Among the entries below, find the line with "Number: 03**** |", then quote it and each following line up to and including the line with "I set just by", and nothing else.

* _GIVEN DATA_:
------------

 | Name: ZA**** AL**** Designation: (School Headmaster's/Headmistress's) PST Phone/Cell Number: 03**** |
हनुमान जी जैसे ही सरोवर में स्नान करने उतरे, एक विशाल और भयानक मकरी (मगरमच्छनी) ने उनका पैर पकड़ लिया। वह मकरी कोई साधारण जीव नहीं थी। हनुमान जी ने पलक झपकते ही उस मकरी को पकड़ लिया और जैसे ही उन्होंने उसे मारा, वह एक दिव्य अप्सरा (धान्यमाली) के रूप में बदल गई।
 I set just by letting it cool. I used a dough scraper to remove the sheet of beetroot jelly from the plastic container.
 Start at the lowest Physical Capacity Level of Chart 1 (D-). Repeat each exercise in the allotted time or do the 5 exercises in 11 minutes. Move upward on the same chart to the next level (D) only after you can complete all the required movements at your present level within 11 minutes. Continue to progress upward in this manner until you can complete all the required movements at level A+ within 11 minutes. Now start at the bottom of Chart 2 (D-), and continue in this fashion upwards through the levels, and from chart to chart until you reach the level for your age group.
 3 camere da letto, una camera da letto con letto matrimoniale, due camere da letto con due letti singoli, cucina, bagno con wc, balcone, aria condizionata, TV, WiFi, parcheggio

------------

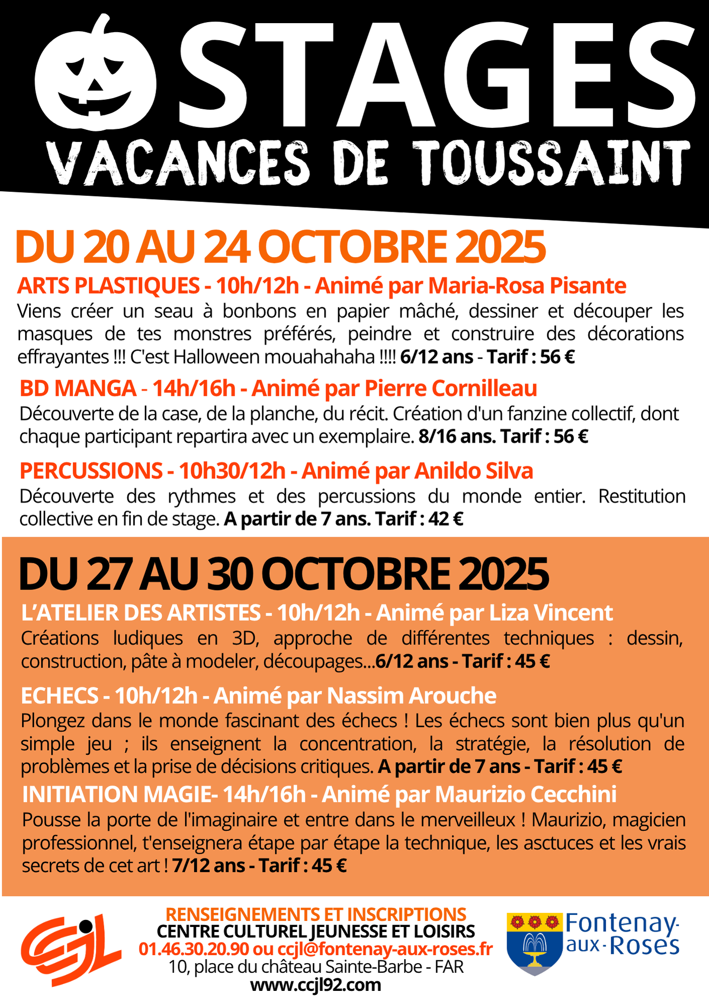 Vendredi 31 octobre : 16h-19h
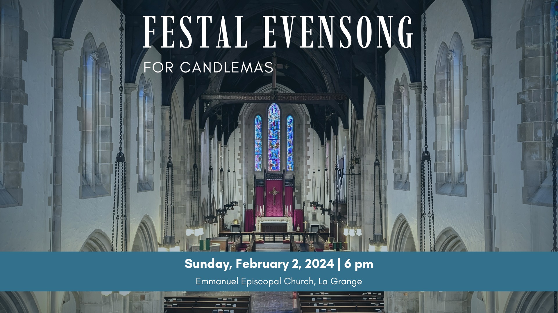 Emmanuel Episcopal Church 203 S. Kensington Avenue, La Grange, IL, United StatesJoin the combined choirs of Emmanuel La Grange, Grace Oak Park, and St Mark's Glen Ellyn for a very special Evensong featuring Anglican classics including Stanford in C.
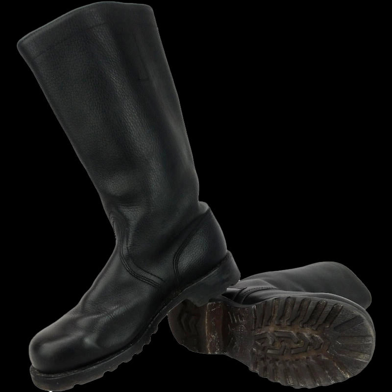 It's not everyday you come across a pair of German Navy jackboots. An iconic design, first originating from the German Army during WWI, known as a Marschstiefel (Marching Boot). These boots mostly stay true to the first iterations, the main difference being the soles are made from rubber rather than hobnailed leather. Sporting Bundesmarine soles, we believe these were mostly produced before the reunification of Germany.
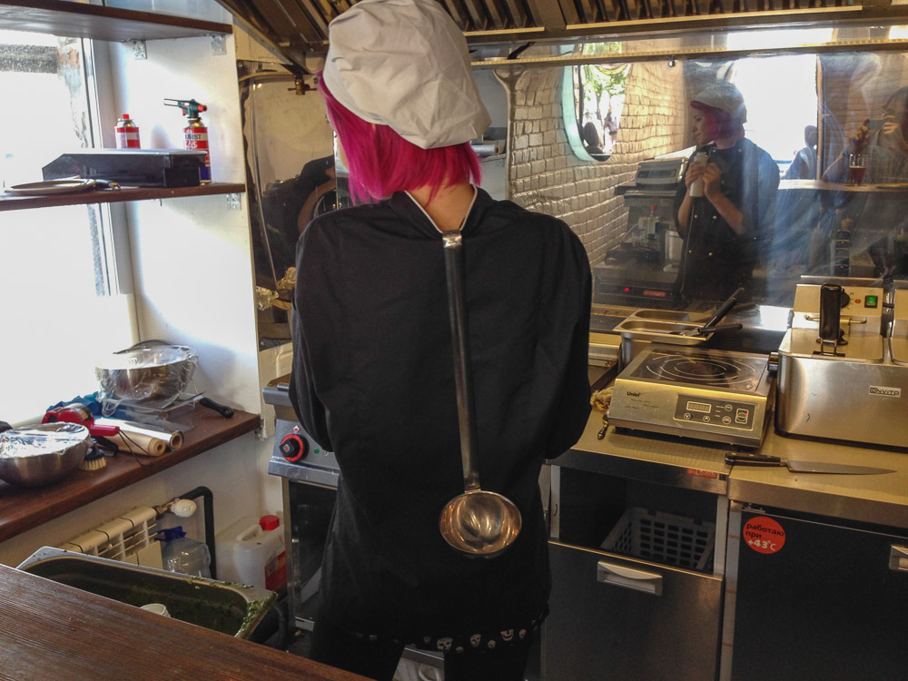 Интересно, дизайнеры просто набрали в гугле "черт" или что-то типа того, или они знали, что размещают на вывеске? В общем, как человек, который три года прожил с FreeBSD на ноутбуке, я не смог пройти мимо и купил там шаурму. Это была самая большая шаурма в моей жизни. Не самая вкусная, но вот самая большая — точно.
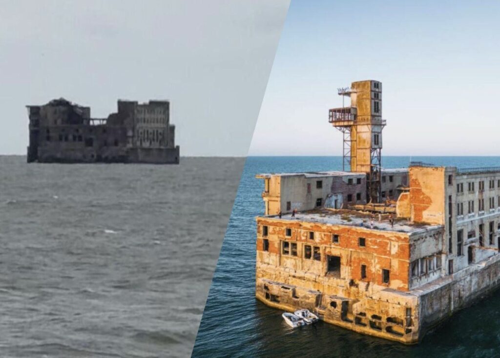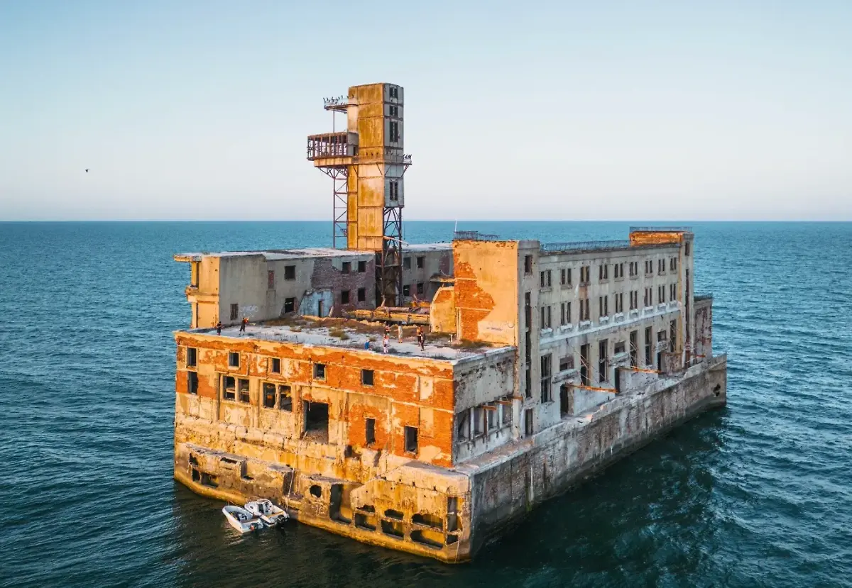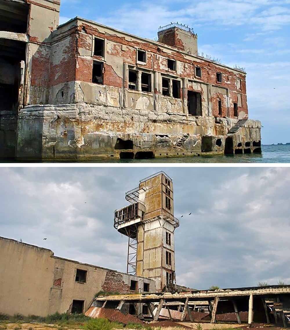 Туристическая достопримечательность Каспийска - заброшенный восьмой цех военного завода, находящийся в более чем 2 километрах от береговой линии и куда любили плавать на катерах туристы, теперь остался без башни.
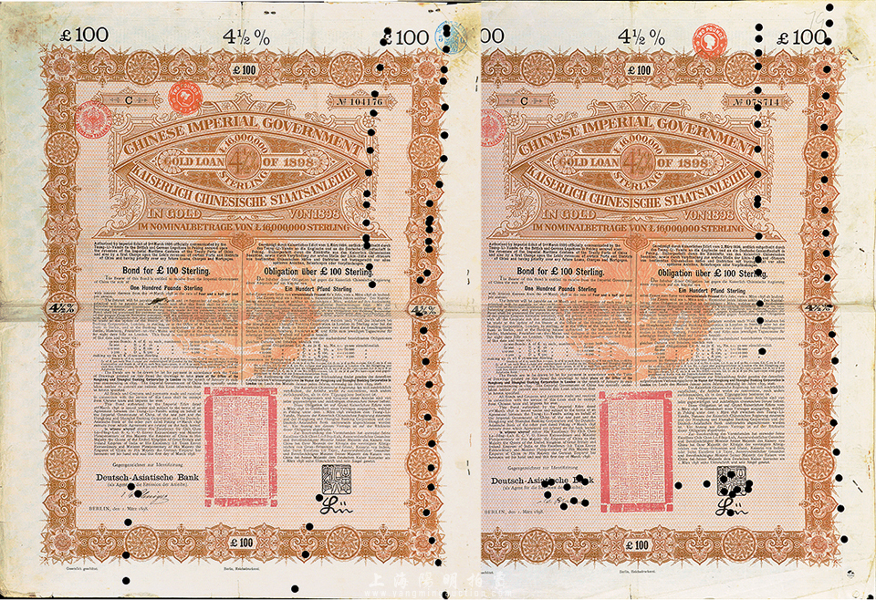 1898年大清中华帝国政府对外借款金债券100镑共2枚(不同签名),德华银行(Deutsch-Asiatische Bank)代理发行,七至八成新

------------

* _THE ANSWER_:
 | Name: ZA**** AL**** Designation: (School Headmaster's/Headmistress's) PST Phone/Cell Number: 03**** |
हनुमान जी जैसे ही सरोवर में स्नान करने उतरे, एक विशाल और भयानक मकरी (मगरमच्छनी) ने उनका पैर पकड़ लिया। वह मकरी कोई साधारण जीव नहीं थी। हनुमान जी ने पलक झपकते ही उस मकरी को पकड़ लिया और जैसे ही उन्होंने उसे मारा, वह एक दिव्य अप्सरा (धान्यमाली) के रूप में बदल गई।
 I set just by letting it cool. I used a dough scraper to remove the sheet of beetroot jelly from the plastic container.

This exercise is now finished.